There is a utility to create a job that just runs a function given a config. This job though has no checkpointing functionality but it will requeue if crashes or times out (I use on ckpt if jobs less than 8h) if I don't want to worry about checkpointing logic since it will be requeued until it finishes.

def job_function(job_config):
    # write the code of your job here
    pass 
from submitit_tools.jobs import create_function_job
JobClass = create_function_job(job_function)

There is also a tool to help with sweeping configs. Using the example CustomJobConfig, you can sweep over values of it like this:

from submitit_tools.jobs import grid_search_job_configs
params = {
    "parameter1": 4,
    "parameter2": [[1,2], [2, 3, 4], [4, 3, 4]]
}
job_configs = grid_search_job_configs(params, job_cls = CustomJobConfig)

This will create 3 jobs (a grid search over the params).
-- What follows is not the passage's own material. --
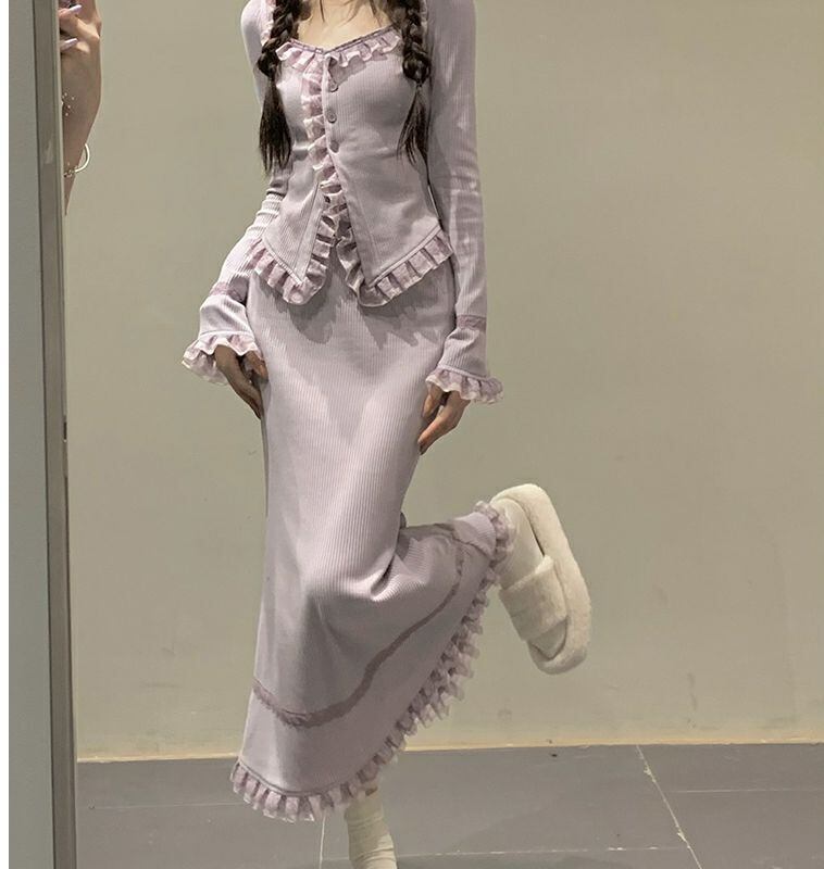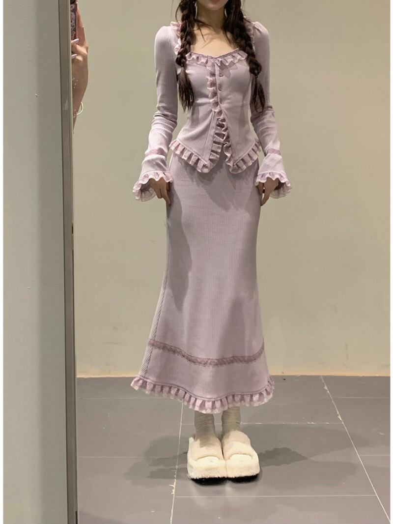 純粋セクシーホットガールスーツ秋スクエアカラーニットカーディガントップマーメイドロングスカート 2 点セット服 オータム 秋物 スクウェア

You can also pass a custom creation function. Look at the example_torch_job.py for a clear example.

Notes and todos:

  • The checkpoint partition is a little weird. You can find the documentation here
  • To contribute please branch and then submit a PR.
  • Want to add a git automation and make this a pypy package
  • Handle job crashing vs slurm errors differently
  • I think that it will crash a job if the checkpoint gets corrupted while being written and this will be unrecoverable
  • add utils to grid search and jobs without checkpointing
  • add a debug mode
  • Figure out requesting multiple types of gpus for large checkpoint runs
  • Add functionality to cancel jobs if the executor dies, or the user wants to. Right now if the main file crashes, the jobs will still keep running, just without being requeued if needed.